In the hours leading up to her Friday press conference, the Daily Star had even set up a live feed showing a picture of Truss next to a lettuce, to see which would last the longest. By then, the sacking of Kwarteng had caused anger among Truss loyalists and critics alike.

“She was right there with Kwasi before she became prime minister,” said a former cabinet minister. “Her office was briefing how close they were, how at one they were on economic understanding and ideology. What great friends they were – how they both live in Greenwich. You have to ask: why is she still in position given that she agreed on this programme entirely?”

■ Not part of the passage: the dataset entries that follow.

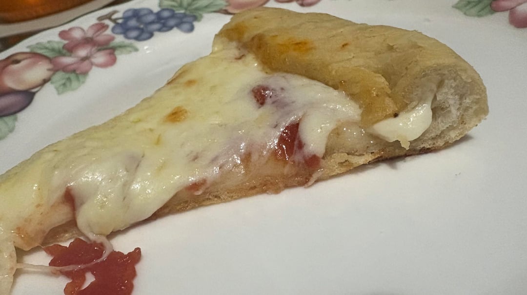 I even got a little frisky and made a stuffed crust with provolone ‘cause I ran out of mozzarella. The mozzarella is also is a cheap brand, but it’s the only thing I had.
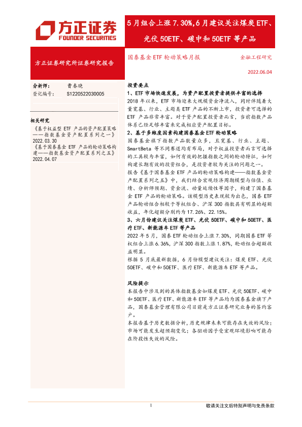 【方正证券】【20220604】国泰基金ETF轮动策略月报:5月组合上涨7.30%,6月建议关注煤炭ETF、光伏50ETF、碳中和50ETF等产品-24页
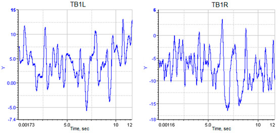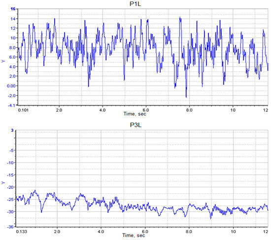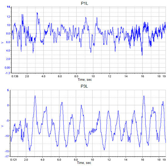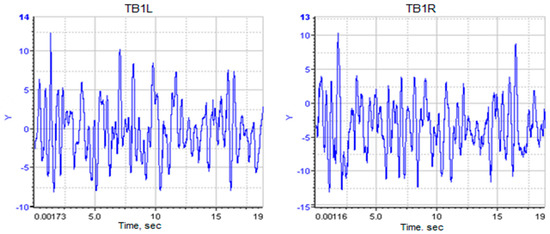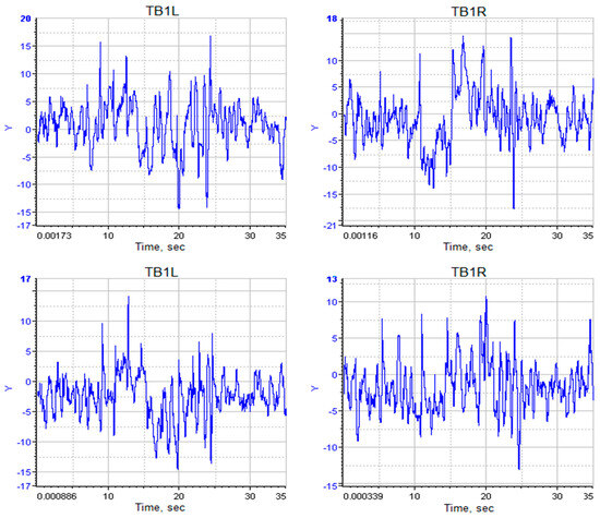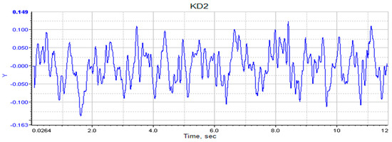 For the data to determine the estimated values of the frame forces, the coefficients of vertical dynamics of the first and second stages of suspension were processed in the same way as in the previous sections [26]. Figure 17, Figure 18 and Figure 19 show oscillograms of primary measurements of dynamic processes recorded while moving in a curve with a radius of 400 m. The processing results are shown in Figure 20, Figure 21 and Figure 22.
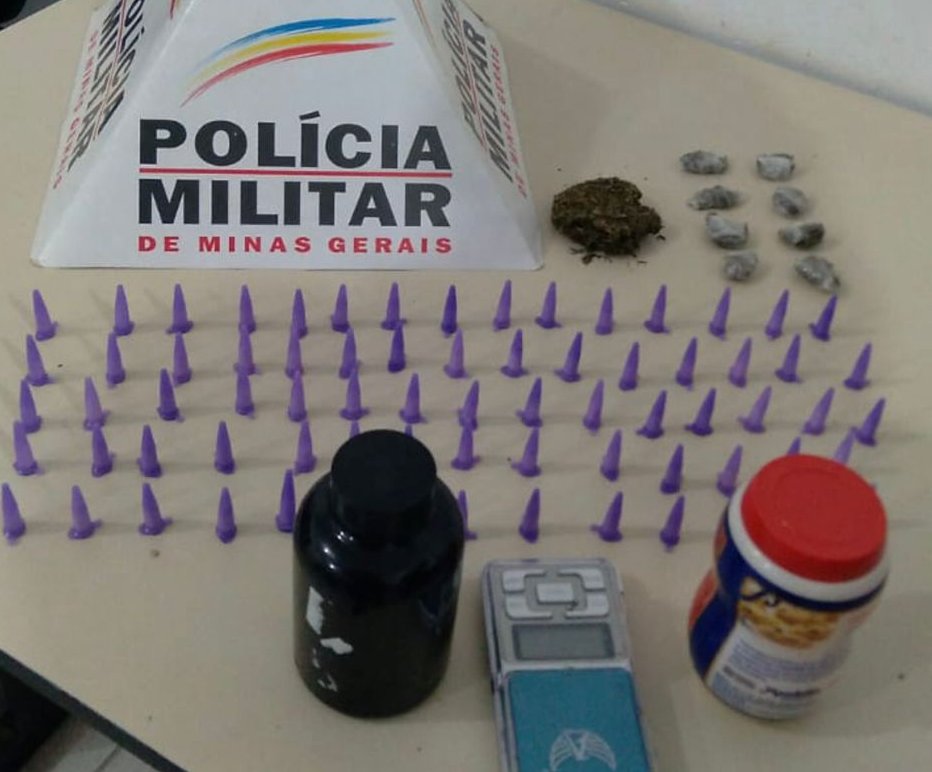 SIMONÉSIA (MG) - Durante o policiamento na 30ª Festa do Trabalhador em Simonésia, na noite desta sexta-feira, 29/04, equipes da Polícia Militar, em conjunto com a equipe de segurança privada do evento, abordaram três jovens, sendo que, durante as buscas pessoais, foram localizados 34 pinos de cocaína e 8 tabletes de maconha, prontos para a venda.
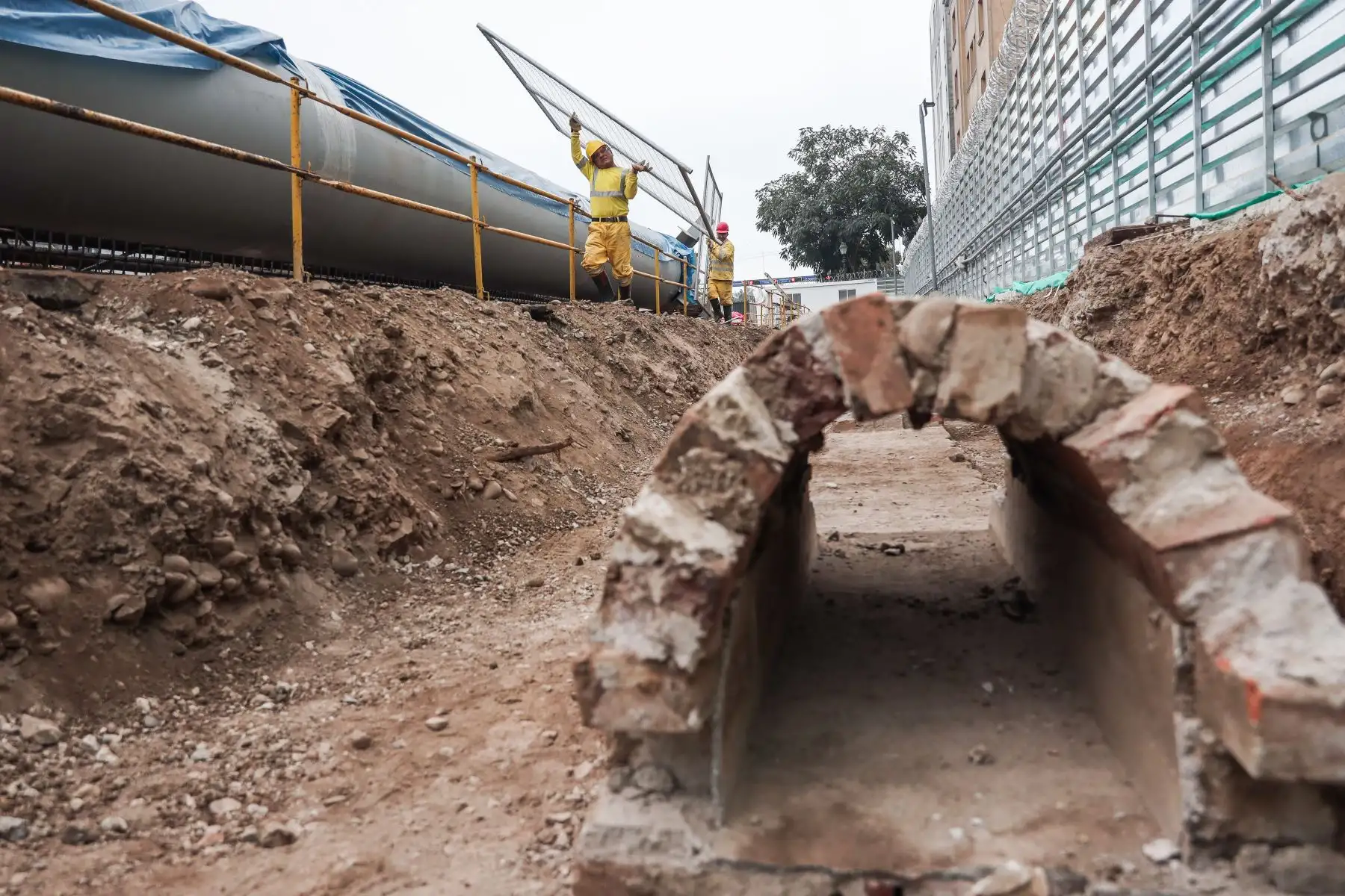 06/09/2024 El Ministerio de Cultura supervisa los trabajos de preservación de dos albañales (antiguo sistema de alcantarillado de Lima) y la base de una pileta que serían de los primeros años de la etapa republicana, de inicios del siglo XIX, descubiertas durante los trabajos de construcción de la Estación E13 de la Línea 2 del Metro de Lima, ubicada en el Cercado de Lima. Foto: ANDINA/ Connie Calderon
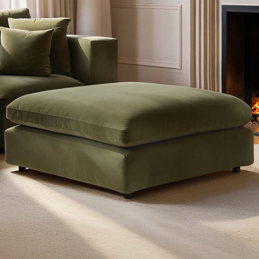 Solace+Co Asher Khaki Green Velvet Footstool

Meanwhile, MPs were now engaging in semi-public warring on WhatsApp, with some calling for defeated leadership contenders Rishi Sunak and Penny Mordaunt to do a deal between them and take over. Ministers began asking those seen as the coordinators of a putsch against Truss about their plans.

By Friday afternoon, most MPs were working on the basis that Truss would struggle to reach Christmas, though some think she only has days.

The issue once again is a lack of agreement over a successor. While a joint Sunak-Mordaunt ticket is seen as the most sellable option – between them, they secured the support of most MPs – Sunak’s allies are insisting he must be prime minister, with Mordaunt as chancellor.

“It is not clear who would be PM, but surely it would have to be Rishi,” said one ally. “Markets need to know the person in charge has a grip.” Another involved in canvassing MPs said the process of agreeing the next move remained difficult. “Everything is moving but everything is much more complex and difficult than all would like,” they said.

Then there is Johnson. Many MPs still regard him as the best option. “No one has his charisma, especially in an election – and maybe people will realise that they did kill the goose that laid the golden egg,” said one former minister. However, another Johnson ally said he “didn’t want it” and would be rejected by Sunak supporters. The privileges committee examining whether Johnson misled MPs over Partygate is still to report back, meaning Truss’s demise risks arriving too soon for him to mount a comeback.

Yet this weekend, frustrated MPs said disagreements over Truss’s successor may be secondary to the imperative of removing her sooner rather than later, if only to arrest Labour poll leads well in excess of 20 points. Some MPs have dispatched no-confidence letters to Sir Graham Brady, chairman of the backbench 1922 Committee.

In theory, Truss is protected from a no-confidence vote among MPs for a year, but in practice MPs believe she would go if enough of them expressed their view – as happened with Theresa May in 2019.

The coming days will plunge Brady back into the Tory party drama just months after he was dispatched to tell Johnson that he no longer commanded the support of his own MPs. This weekend, Brady is taking a break in Athens. The contents of his unread emails on Mondaytomorrow could yet play a pivotal role in the pace with which Truss’s brief time in office comes to an end.

By Saturdaymorning, an extraordinary round of interviews by the new chancellor scrapped Truss’s political project. Senior Tories immediately concluded she was “in office but not in power”. One veteran MP said he held out the hope of a swift, conciliatory ending for the prime minister.

“She has to find the courage to walk away from this, to do it in an orderly fashion – and be thanked for having done so,” he said. “If I were her, I would just say: ‘Look, it’s not worked and it’s not right for me to continue.’ I think she would probably be best advised to sit down with Sir Graham Brady and discuss how we can have a replacement in a day or two.”